1. Our privacy principle: collect as little as possible
fastinvites is built to need very little personal information. You can create an event and collect registrations without creating an account. Accounts are optional and only add a dashboard and ownership features. We do not sell personal information and we do not run advertising. With your consent, we use Google Analytics and PostHog to understand how the Service is used — these are optional analytics tools that collect aggregate, anonymized data and are never used for advertising or profiling.
2. Information we collect
a. Information you provide
- Event details (from hosts). When you create an event you provide a title, date and time, time zone, and an optional description, meeting link, and host message.

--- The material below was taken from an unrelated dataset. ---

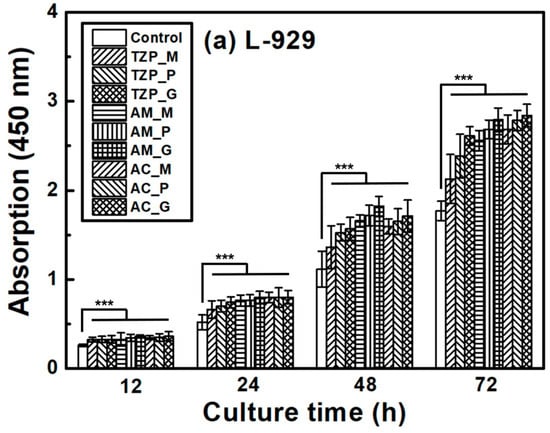 The L–929 and HGF-1 cell proliferation results are presented in Figure 7, which shows that the cells were well attached to the ceramics and proliferated over time. The null hypothesis that surface treatments do not affect the cell proliferation of ZrO2 and LD glass ceramics was rejected (p < 0.001). Despite differences in surface condition, no significant differences in L–929 cell proliferation were observed up to 12 h after cell culture. After 24 h, the growth rate of the LD ceramics began to slightly change compared with that of ZrO2. The proliferation rates of the ceramics increased in the order of 4Y–TZP, AM, and AC after 72 h of culture. The proliferation of HGF-1 cells was also examined. Similarly to L–929 cells, HGF-1 cells showed no significant differences in proliferation across the different surface conditions during culture for up to 24 h. The growth rates of the glazed samples were significantly superior, and glazed LD samples grew faster than glazed 4Y-TZP samples. When glazed LD samples were cultured for 72 h, HGF-1 proliferation dramatically increased (Figure 7b).

Anything you type into these fields may be visible to anyone who has the public event link. Do not include sensitive personal information you would not want shared with your guests.
- Registration details (from guests). When you register for an event you provide only a name — no email address and no account. Your name is visible to the event’s host, along with whether you clicked through to join the event at showtime. (If you later create an account and your registration is linked to it, event emails are sent to your account email; the host never sees that address.)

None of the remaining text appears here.